Alby’s in a weird place and a corner of Leith that I’ve seen venues struggle. It’s next to Derrick’s Takeaway on Portland Terrace. That’s the crossroads of Commercial Street, Ocean Drive and North Junction Street.
There’s lots of traffic, lots of footfall but not a huge amount of offices, student digs or even people out for a stroll. Nothing nearby tends to make for people casually popping in for a lunch or a quick bite for dinner.
And yes, Alby’s seems to be flourishing. The food is a big part of that, but the friendly welcome I’ve always had is a factor too. I walk down those steps (which can be a challenge when the arthritis is placing up; Alby’s is NOT wheelchair friendly in any way, sadly) and into what might well have been someone’s front room. Someone who tends to be pleased to see me.
The tables are reasonably spartan but nice and clean, there are plants and cosy lights. The food counter is at the back, with the kitchens beyond, and if the front of house member of staff isn’t picking something up from the kitchen at that precise moment, you’ll get a hello.
Service is quick and helpful. I often have questions about food, and Alby’s is one of the places I feel comfortable asking. As previously warned, sometimes the popular options sell out, but I’ve had substitutions suggested, alternatives recommended, and even my previous orders referenced.
Just writing this review makes me think it’s time to book a table again, pop back to the sandwich shop and catch up with friends.
Cafe? Is cafe the right word for a place that gives me coffee and sandwiches? Perhaps ‘sandwich shop’ is better; it sets expectations more clearly.
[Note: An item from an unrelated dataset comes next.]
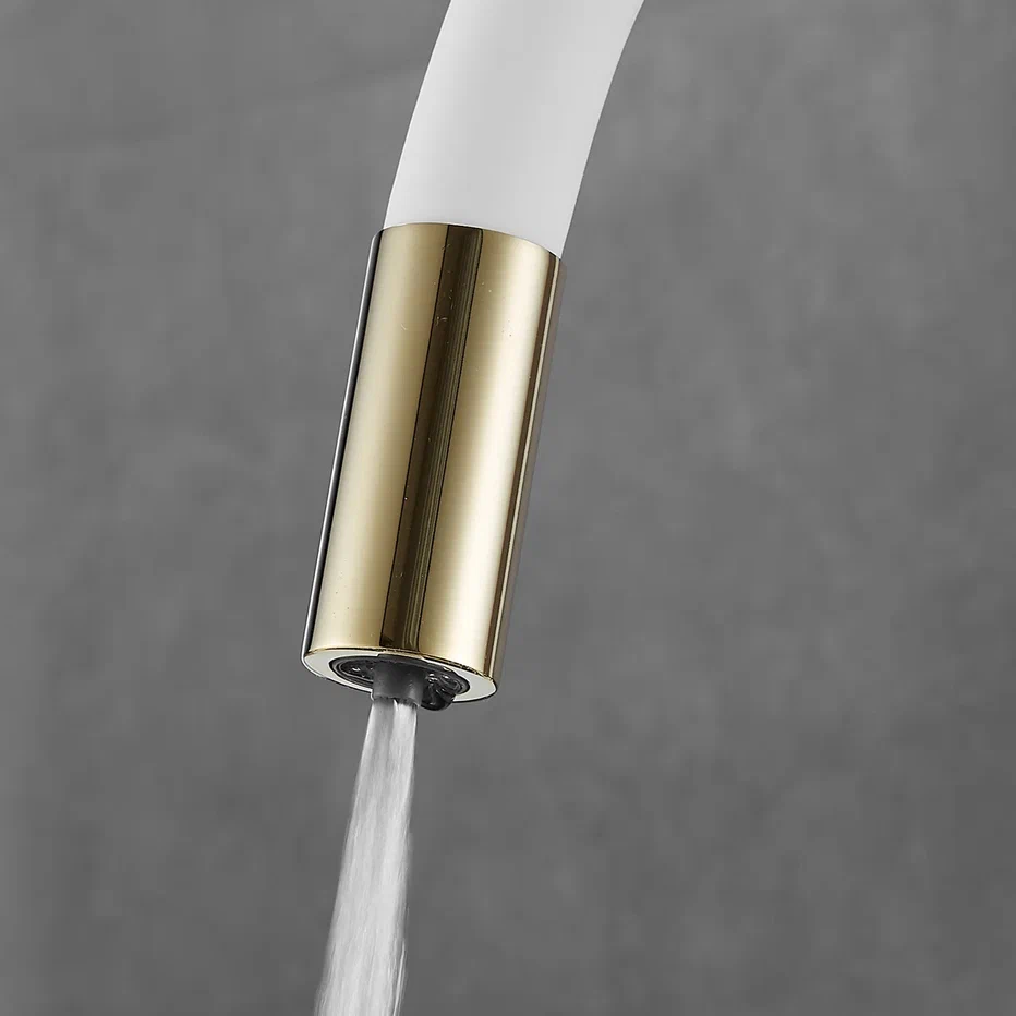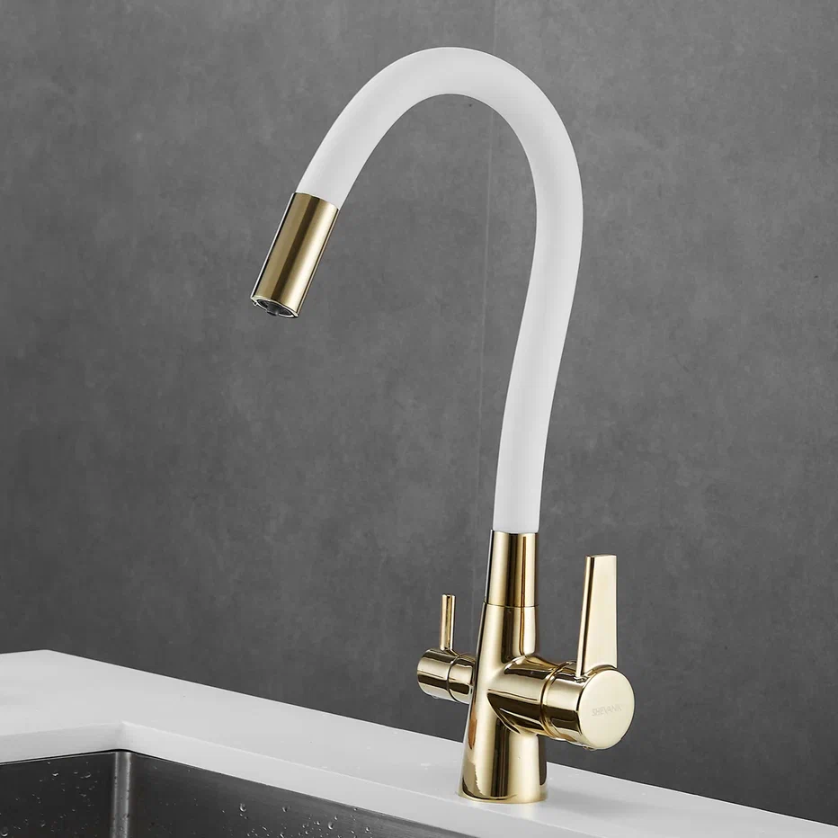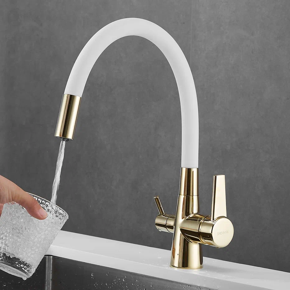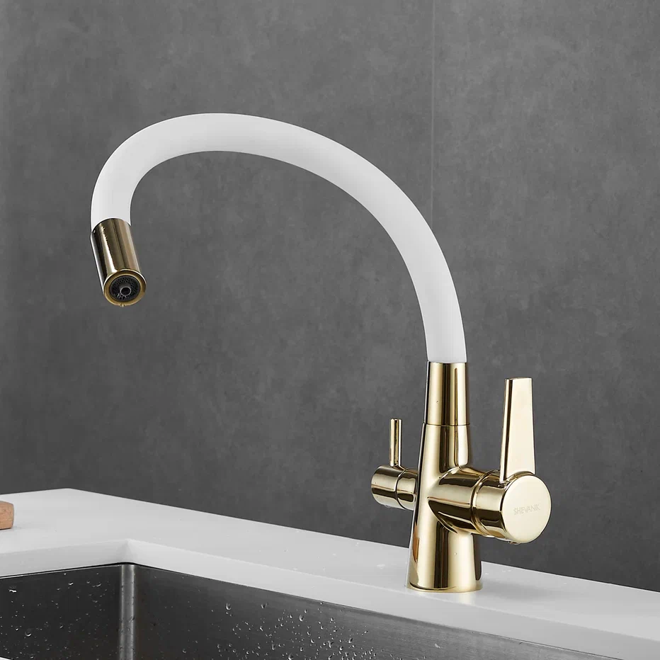 Смеситель для кухни с гибким изливом и подключением фильтра Shevanik S668E, золото/белый

Alby’s is a comfortable and welcoming sandwich shop with a few tables better suited to small groups of friends than large ones. Some tables are perfect for solo or duet dining.
There’s table service, lots of places to put bags and coats or deal with all the usual juggling a solo eater or traveller might face. It’s a recommended stop, especially if you’ve been lured out to Ocean Terminal or the Royal Yacht Britannia.
Yeah, okay, if you’re scandalised by paying more than £8 for a sandwich, I doubt I’m articulate to change your mind.
Everyone else, check out Alby’s.
Expect a large sandwich, add a side dish to make a meal and expect good company even if you’re alone.